With Q ₂ in the on state, the primary winding of output transformer T
The current flowing through N ₁ is passed through the primary winding n ₁ of the saturable current transformer CT to saturate the saturable current transformer CT, thereby setting the base input of transistor Q ₂ to zero and turning it on. OFF state and also apply the voltage obtained in the tertiary winding N ₂ of the output transformer T to the base of the transistor Q ₁ via the windings n ₃ , n ₄ of the saturable current transformer CT; Turn on. and the winding of the current transformer CT through the primary winding N ₁ of the output transformer T
Saturation caused by the current flowing through n ₁ changes Q ₁ from the on state to the off state. Then, in the same manner as above, the transistors Q ₁ and Q ₂ are alternately turned on and off to perform self-oscillation and obtain an output voltage. In the figure, C ₁ and C ₂ are voltage dividing capacitors, and R ₁ and R ₂ are balancing resistors.
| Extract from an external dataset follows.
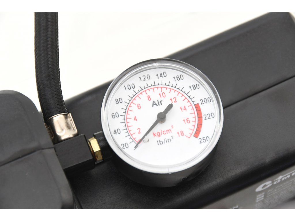 Kompresor je vybavený vstavaným tlakomerom, ktorý zobrazuje nameraný tlak v niekoľkých jednotkách.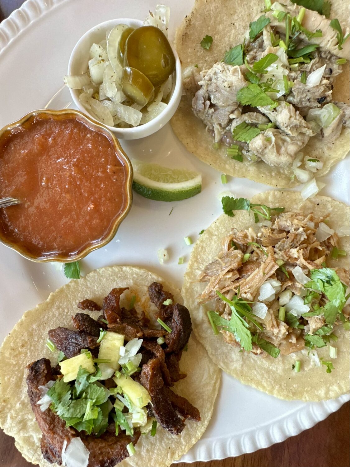 そしてこちらBさんサイドタコス、注文の3品は下から反時計回りに次の通り

By the way, it is no exaggeration to say that what determines the size of such a DC-DC converter is the size of the output transformer T. Therefore, in order to meet the demand for smaller and lighter converters,
There is a demand for output transformers to be smaller and lighter, and as a means of achieving this, conventional methods have been to increase the on-off period, that is, the self-oscillation frequency, of transistors Q ₁ and Q ₂ . In addition, in this case, the self-oscillation frequency of the converter is determined by the time from when the input is applied to the current transformer CT until it becomes saturated, as described above, so as a method to increase the oscillation frequency, conventionally A method is being used to speed up saturation by minimizing the cross-sectional area of . Also, the output voltage of the secondary winding is V
(volt), the number of turns is n (turns), the cross-sectional area of the iron core is A (cm ² ), and the maximum magnetic flux density is Bm (kilogauss).
Then, the oscillation frequency f (Hz) is given by the following equation.

f=V/4BmAn×10 ⁸ As is clear from the above equation, the oscillation frequency f is inversely proportional to the number of turns n when everything other than the number of turns n is constant. Therefore, a method is used to increase the oscillation frequency by making the turns ratio of the secondary windings n ₁ , n ₂ (n ₄ ) of the saturable current transformer CT as close to 1:1 as possible.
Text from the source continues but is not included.